Collection entries:
-------------------------
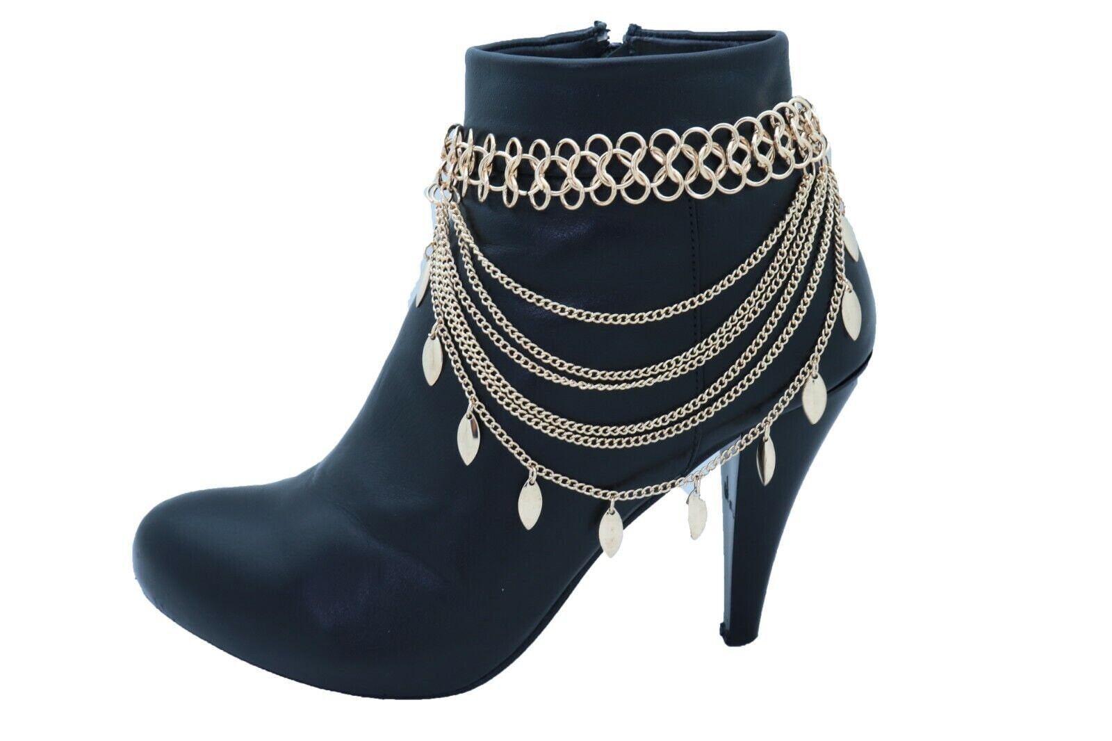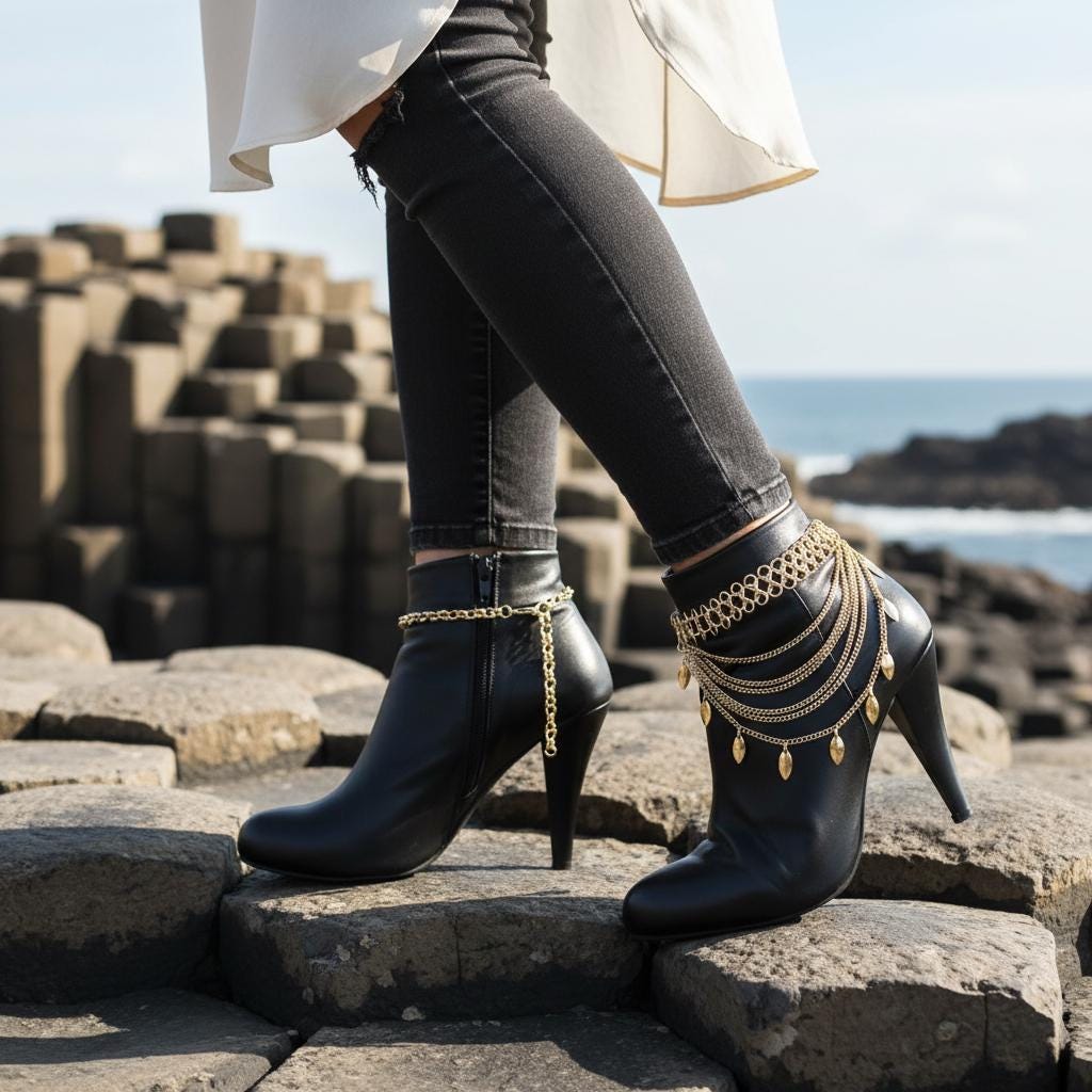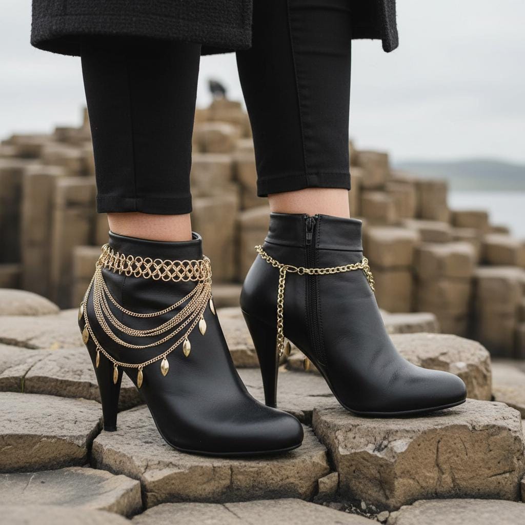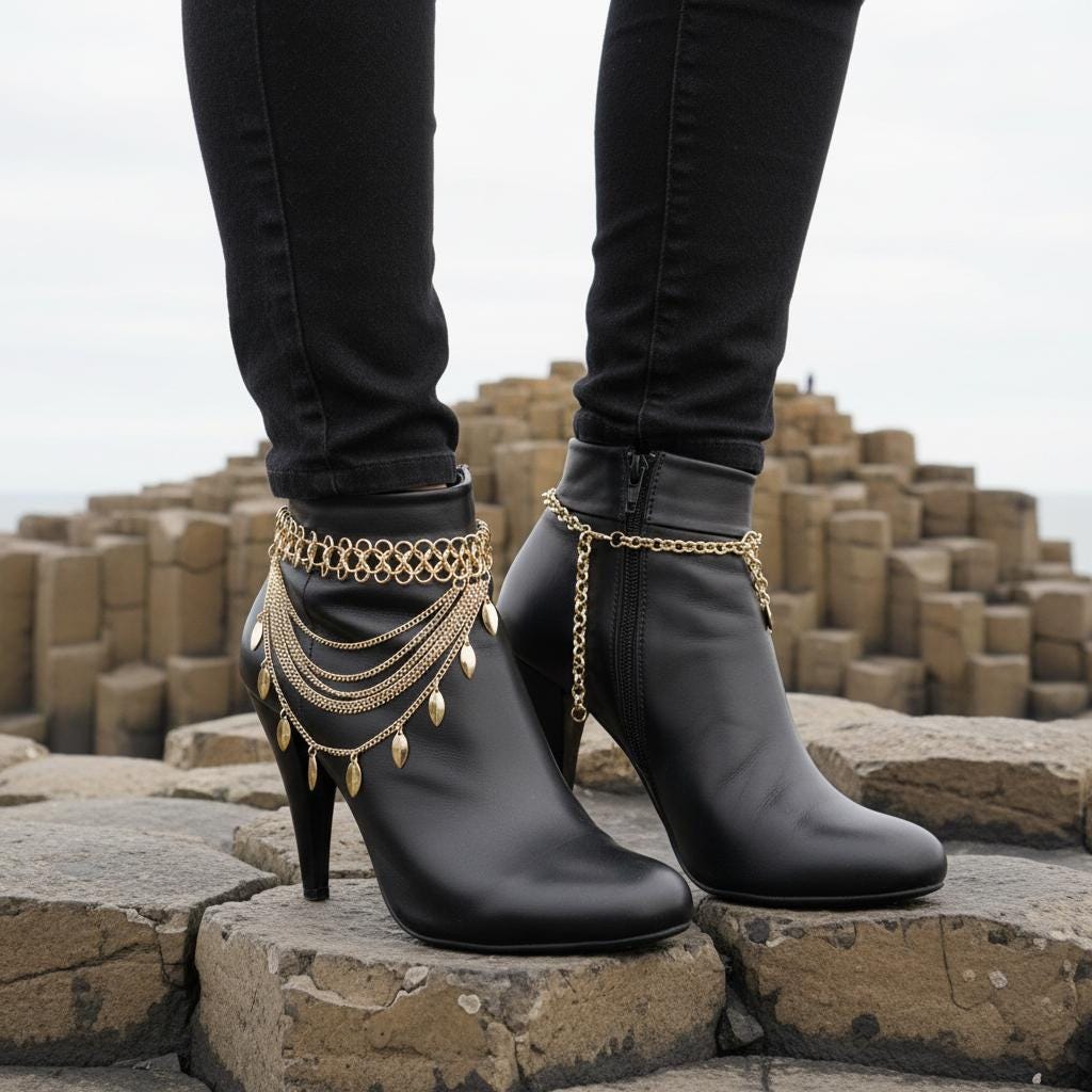 Make your boots the statement. This gold tone boot jewelry set features a layered, multi-wave drape with dangling leaf charms that move with every step. It’s the perfect finishing detail for western outfits, night-out looks, concerts, and styled festival fashion—without feeling bulky.
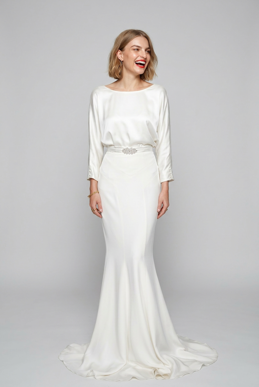 The Petal skirt is simple and chic. Its classic and sassy silhouette are perfect for a modern bride. With its elegant tailoring this skirt skims your body with a beautiful shape. The skirt sits high on your waist and looks lovely with one of our more blouson tops tucked in. This skirt fastens at the back with a simple concealed zip.
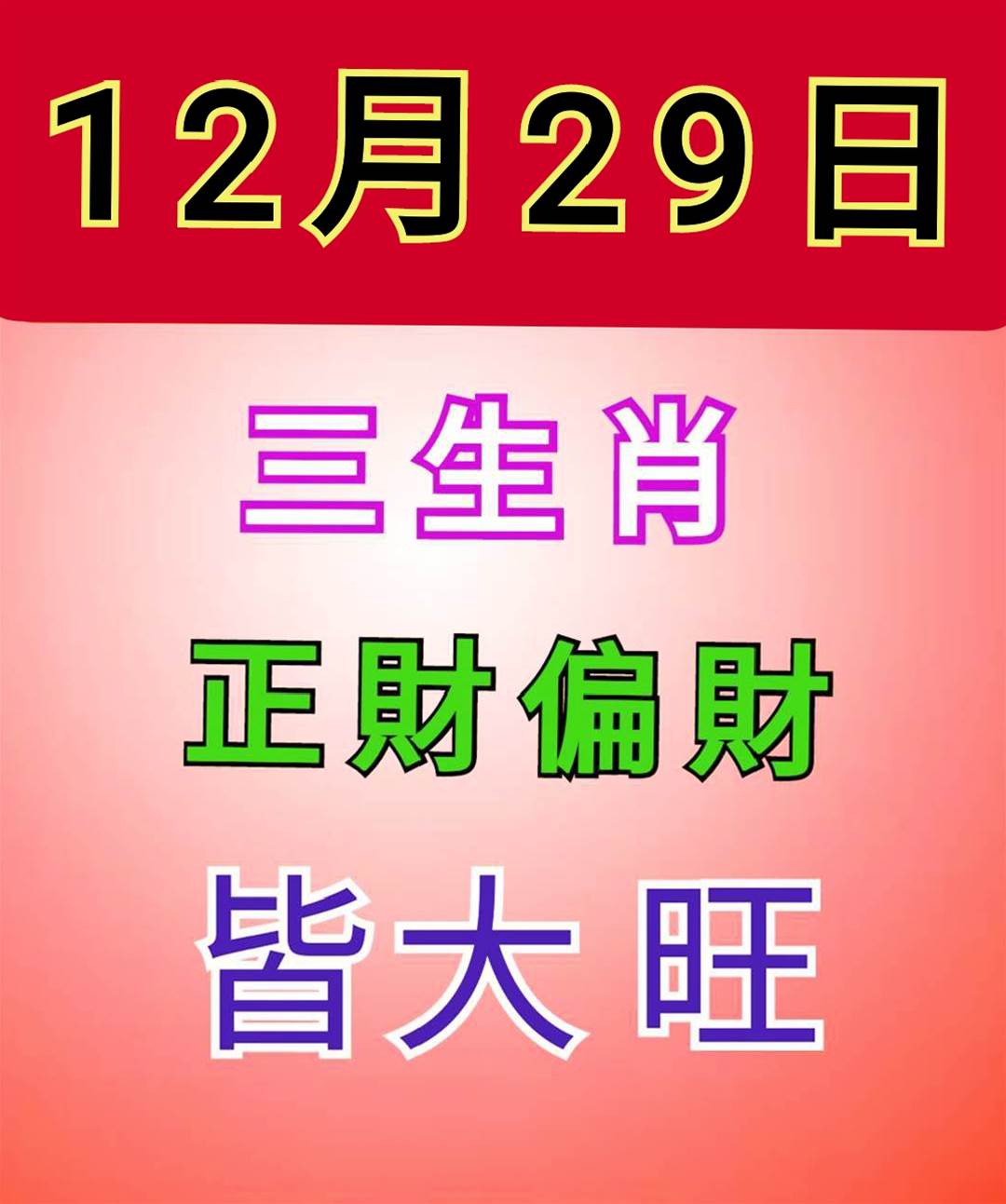 12月29日 - 31日 六大生肖 偏財最旺 福滿門
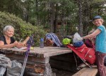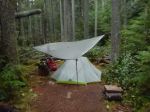 Because of the weather forecast, we set up two tarps to be prepared for the next morning. Two trail walker/runners passed by, who were doing the peninsula trail in one day, They were only carrying fanny packs and intended to continue through to Powell River with just 2 hours left. We did celebrate our last camp on this Friday evening by sharing some extra food and having a small campfire.
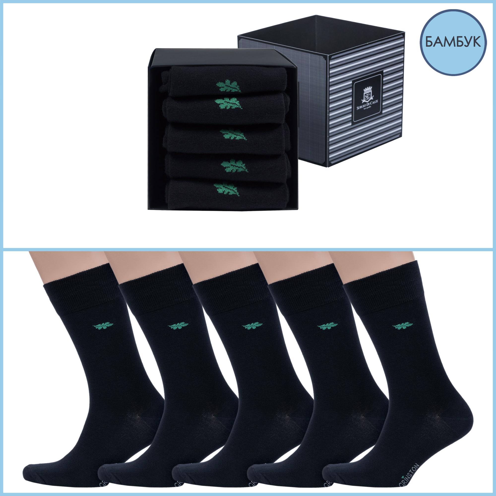 Набор из 5 пар мужских бамбуковых носков (ТМ Grinston socks) PG-15d11-5/0, черные
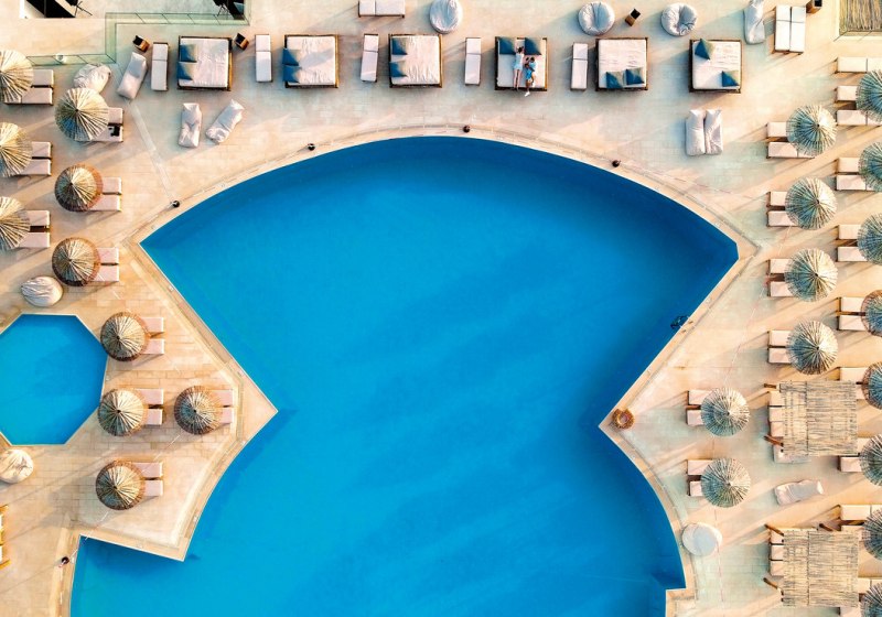 - Poollandschaft: Fünf Außenpools plus Kinderbereiche mit zwei Wasserrutschen.
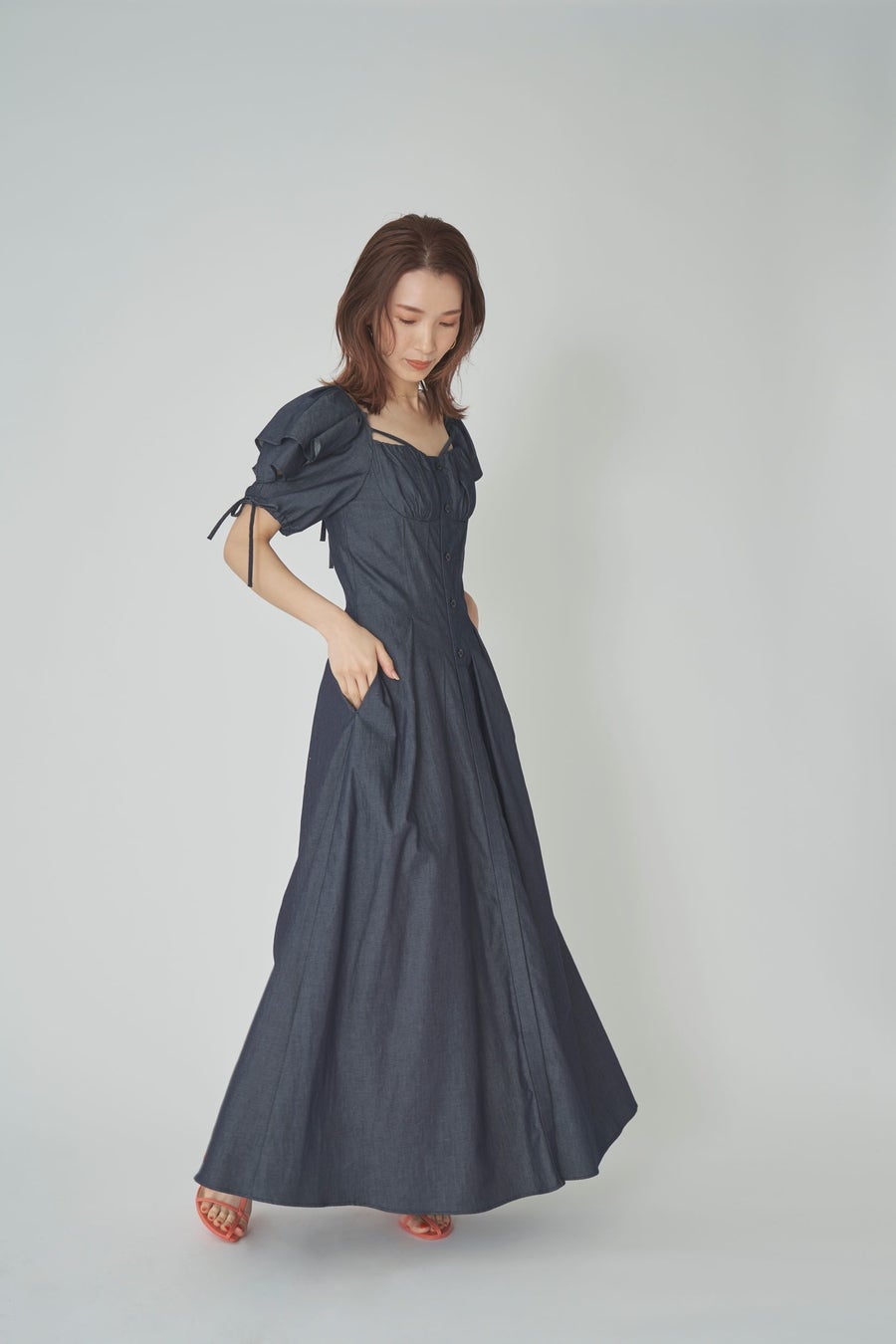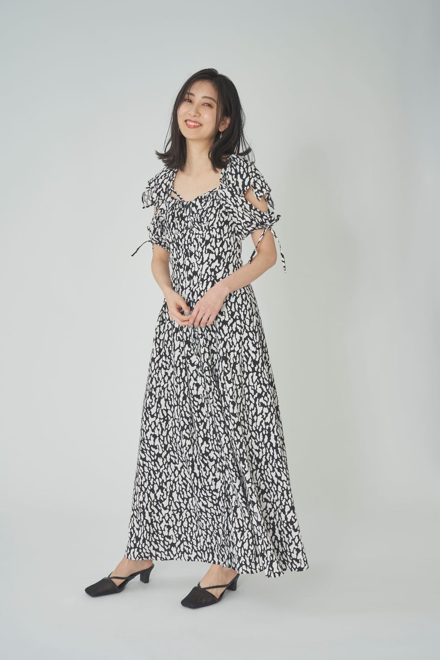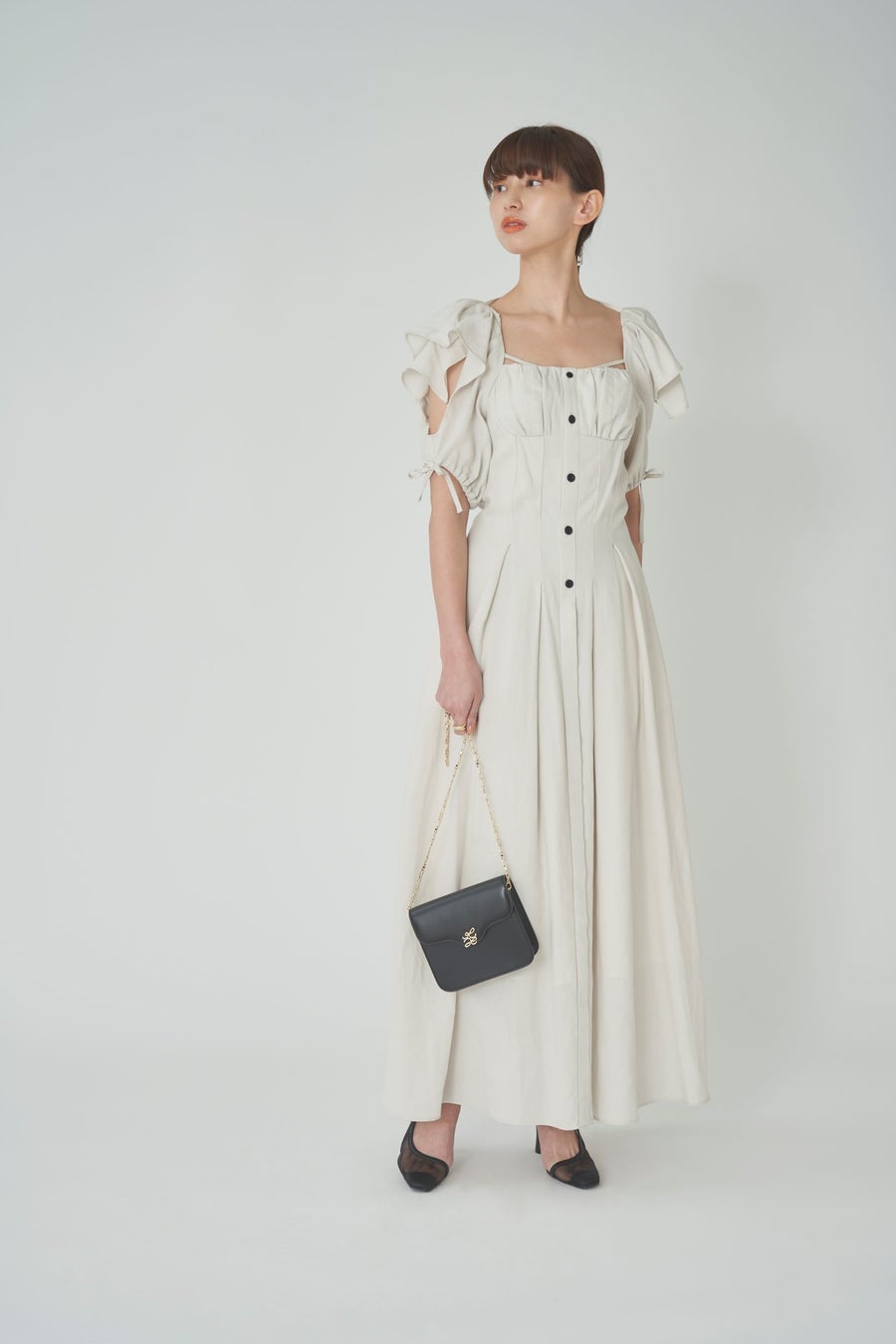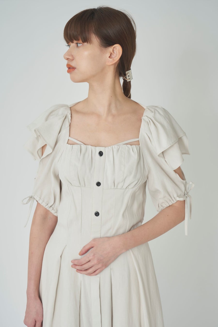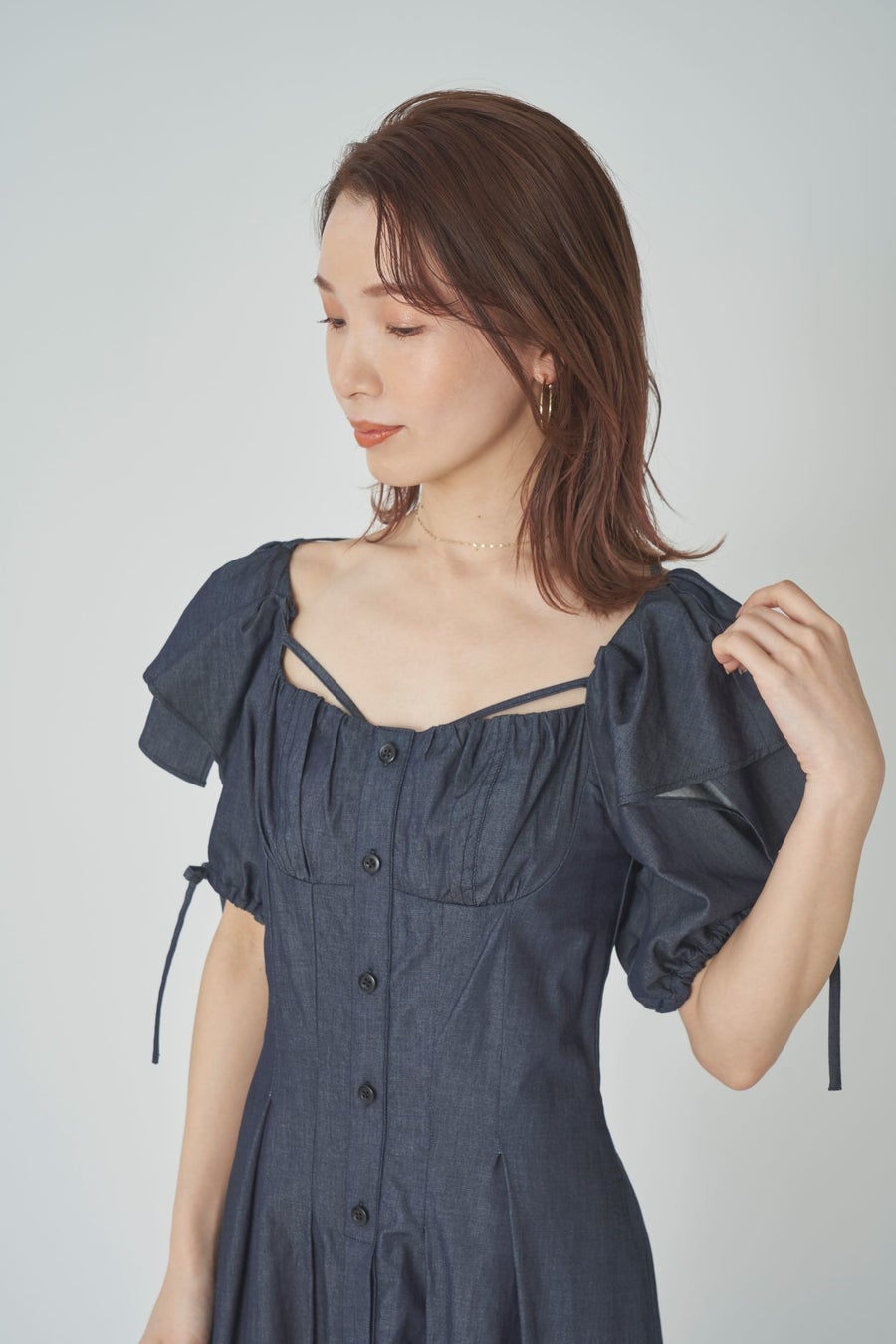 首元の紐の締め具合によって、デコルテの開きを調節できるワンピース。
-------------------------
▶ [Instructions to follow]: The copy must start at the line containing "The Petal skirt" and end at the last line of the records, matching each line exactly and holding no pictures.

▶ [Answer to the exercise]:
 The Petal skirt is simple and chic. Its classic and sassy silhouette are perfect for a modern bride. With its elegant tailoring this skirt skims your body with a beautiful shape. The skirt sits high on your waist and looks lovely with one of our more blouson tops tucked in. This skirt fastens at the back with a simple concealed zip.
 12月29日 - 31日 六大生肖 偏財最旺 福滿門
 Because of the weather forecast, we set up two tarps to be prepared for the next morning. Two trail walker/runners passed by, who were doing the peninsula trail in one day, They were only carrying fanny packs and intended to continue through to Powell River with just 2 hours left. We did celebrate our last camp on this Friday evening by sharing some extra food and having a small campfire.
 Набор из 5 пар мужских бамбуковых носков (ТМ Grinston socks) PG-15d11-5/0, черные
 - Poollandschaft: Fünf Außenpools plus Kinderbereiche mit zwei Wasserrutschen.
 首元の紐の締め具合によって、デコルテの開きを調節できるワンピース。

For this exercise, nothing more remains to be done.